The Russian Contemporary Project focuses on the main trends of contemporary Russian art with a focus on an international audience. The main element of the program is the integration of modern Russian art in the international art trade and to accept Russia's cultural missions abroad.
Drawing: No Limits is the first project of the exhibition series. The project goal is to connect new names with observers and present major trends in today's graphic art. Eighteen Russian artists - from newcomers to established names will have their work on display as part of this project.
Tanya Akhmetgalieva, Yury Alexandrov, Maria Arendt, Yury Avvakumov, Liza Bobkova, Kirill Chelushkin, Vladimir Grig, Ilya Grishaev, Georgy Litichevsky, Gosha Ostretsov, Sergey Pakhomov, Vitaly Pushnitsky, Andrey Rudjev, Aljona Shapovalova, Denis Shevchuk, Shishkin Hokusai, Petr Shvetsov, Haim Sokol are the artists who are presenting their work. Some of them are newcomers to the art scene and some have lived their whole lives in Russia.

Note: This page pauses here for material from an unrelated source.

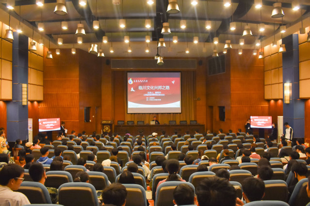 章军华围绕临川文化内涵与优势、文化强省战略和新时代兴邦发展之路三个方面解析临川文化的发展。他指出,临川拥有独特的地理位置、深厚的文化渊源和较高的人文素养,临川地区人民也有着高度的文化自信。他号召广大青年学生应以“撸起袖子加油干”的饱满精神状态走好新时代长征路,肩负起历史重任,立足传承发扬中华传统文化,以多元化思维实现传统文化的创新性发展。他还从文化理论、内涵特色、国际表达、产业兴邦等方面为临川文化发展提供了具体思路。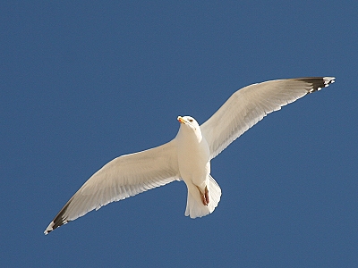 Diese Möwe segelt im Aufwind vor den Dünen auf der Nordseeinsel Sylt.

Georgy Litichevsky for example has lived between Moscow and Berlin, his work is mainly illustration. He uses brightly colored panels and shows the influence of graffiti art, comics, art brut, and the Russian lubok (Russian picture book) in his pieces. As he explains, “I feel that the sphere of art is not a zone for the solution of serious problems, but a field for escaping them. Art is as necessary as sleep and recreation.” Subscribing to this as a kind of pop cultural voyeurism, his comic style work has a great variety of heroes, which he treats ironically.
Another one of the artists presenting their work at the exhibition is Vitaly Pushnitsky who is internationally recognized as a painter, sculptor, graphic artist and as a creator of installations, art objects and multimedia. Today he is considered as one of Russia's leading contemporary artists.

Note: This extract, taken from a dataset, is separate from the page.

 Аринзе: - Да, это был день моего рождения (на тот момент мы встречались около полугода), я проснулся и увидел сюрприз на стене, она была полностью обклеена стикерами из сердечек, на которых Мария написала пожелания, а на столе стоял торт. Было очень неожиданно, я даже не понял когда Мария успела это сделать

All the artists in the exhibition are expanding the boundaries and ideas of what drawing is: the spectrum ranges from three-dimensional installations to text work of architectural forms through to the comic style. It is a special and unusual exhibition where one can expand their knowledge and views on the possibilites of drawing as an art form.

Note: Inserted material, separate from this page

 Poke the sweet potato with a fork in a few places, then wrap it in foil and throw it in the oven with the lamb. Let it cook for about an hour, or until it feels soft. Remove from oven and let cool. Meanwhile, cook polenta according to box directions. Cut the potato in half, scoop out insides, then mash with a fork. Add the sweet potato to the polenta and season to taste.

The project curator, Liza Savina says: “We want our project to demonstrate an absence of vital distinctions in the artistic process globally. The authenticity does persist on the level of text, which is anyway at least bilingual. Yet in general, in Russia, as elsewhere, the drawing breaks through the frame of an easel. It gains volume, it becomes an object, an installation, a sculpture; it displays some features of a monumental painting or even of a decorated board, and still it is a drawing”.